Common train-test data setups
Stu Field, SomaLogic Operating Co., Inc.
Source:vignettes/articles/tips-train-test-setup.Rmd
tips-train-test-setup.Rmd
Introduction
Most machine learning (ML) analyses require a random split of original data into training/test data sets, where the model is fit on the training data and performance is evaluated on the test data set. The split proportions can vary, though 80/20 training/test is common. It often depends on the number of available samples and the class distribution in the splits.
Among many alternatives, there are 3 common approaches, all are equally viable and depend on the analyst’s weighing of pros/cons of each.
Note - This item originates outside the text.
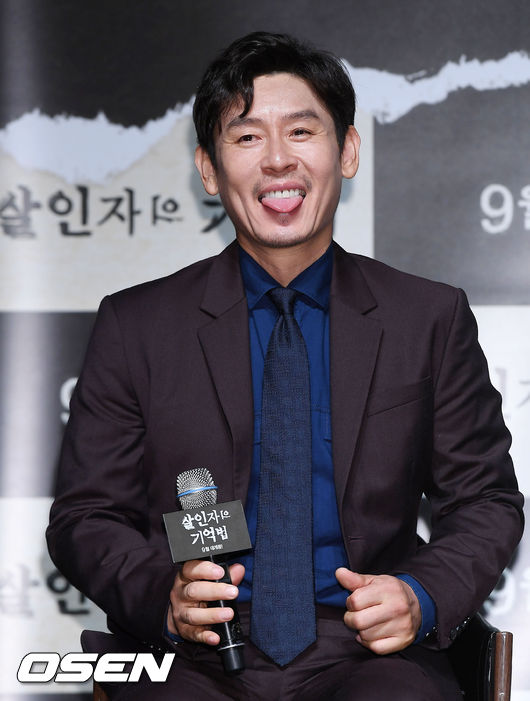 8일 오전 서울시 강남구 압구정CGV에서 열린 영화 '살인자의 기억법' 제작보고회서 설경구가 질문에 답하며 혀를 내밀고 있다. / rumi@osen.co.kr

I recommend one of these below:
- base R data frame indexing with [sample()] and
[
- use
dplyr::slice_sample()
ordplyr::sample_frac()
in combination withdplyr::anti_join()
- use the rsample package (not demonstrated)
Original Raw Data
In most analyses, you typically start with a raw original data set that you must split randomly into training and test sets.
raw <- SomaDataIO::rn2col(head(mtcars, 10L), "CarModel") |>
SomaDataIO::add_rowid("id") |> # set up identifier variable for the join()
tibble::as_tibble()
raw
#> # A tibble: 10 × 13
#> id CarModel mpg cyl disp hp drat wt qsec vs am gear carb
#> <int> <chr> <dbl> <dbl> <dbl> <dbl> <dbl> <dbl> <dbl> <dbl> <dbl> <dbl> <dbl>
#> 1 1 Mazda RX4 21 6 160 110 3.9 2.62 16.5 0 1 4 4
#> 2 2 Mazda RX4 Wag 21 6 160 110 3.9 2.88 17.0 0 1 4 4
#> 3 3 Datsun 710 22.8 4 108 93 3.85 2.32 18.6 1 1 4 1
#> 4 4 Hornet 4 Drive 21.4 6 258 110 3.08 3.22 19.4 1 0 3 1
#> 5 5 Hornet Sportab… 18.7 8 360 175 3.15 3.44 17.0 0 0 3 2
#> 6 6 Valiant 18.1 6 225 105 2.76 3.46 20.2 1 0 3 1
#> 7 7 Duster 360 14.3 8 360 245 3.21 3.57 15.8 0 0 3 4
#> 8 8 Merc 240D 24.4 4 147. 62 3.69 3.19 20 1 0 4 2
#> 9 9 Merc 230 22.8 4 141. 95 3.92 3.15 22.9 1 0 4 2
#> 10 10 Merc 280 19.2 6 168. 123 3.92 3.44 18.3 1 0 4 4
Option #1: sample()
n <- nrow(raw)
idx <- withr::with_seed(1, sample(1:n, floor(n / 2))) # sample random 50% (n = 5)
train <- raw[idx, ]
test <- raw[-idx, ]
train
#> # A tibble: 5 × 13
#> id CarModel mpg cyl disp hp drat wt qsec vs am gear carb
#> <int> <chr> <dbl> <dbl> <dbl> <dbl> <dbl> <dbl> <dbl> <dbl> <dbl> <dbl> <dbl>
#> 1 9 Merc 230 22.8 4 141. 95 3.92 3.15 22.9 1 0 4 2
#> 2 4 Hornet 4 Drive 21.4 6 258 110 3.08 3.22 19.4 1 0 3 1
#> 3 7 Duster 360 14.3 8 360 245 3.21 3.57 15.8 0 0 3 4
#> 4 1 Mazda RX4 21 6 160 110 3.9 2.62 16.5 0 1 4 4
#> 5 2 Mazda RX4 Wag 21 6 160 110 3.9 2.88 17.0 0 1 4 4
test
#> # A tibble: 5 × 13
#> id CarModel mpg cyl disp hp drat wt qsec vs am gear carb
#> <int> <chr> <dbl> <dbl> <dbl> <dbl> <dbl> <dbl> <dbl> <dbl> <dbl> <dbl> <dbl>
#> 1 3 Datsun 710 22.8 4 108 93 3.85 2.32 18.6 1 1 4 1
#> 2 5 Hornet Sportabo… 18.7 8 360 175 3.15 3.44 17.0 0 0 3 2
#> 3 6 Valiant 18.1 6 225 105 2.76 3.46 20.2 1 0 3 1
#> 4 8 Merc 240D 24.4 4 147. 62 3.69 3.19 20 1 0 4 2
#> 5 10 Merc 280 19.2 6 168. 123 3.92 3.44 18.3 1 0 4 4
Option #2: anti_join()
# sample random 50% (n = 5)
train <- withr::with_seed(1, dplyr::slice_sample(raw, n = floor(n / 2)))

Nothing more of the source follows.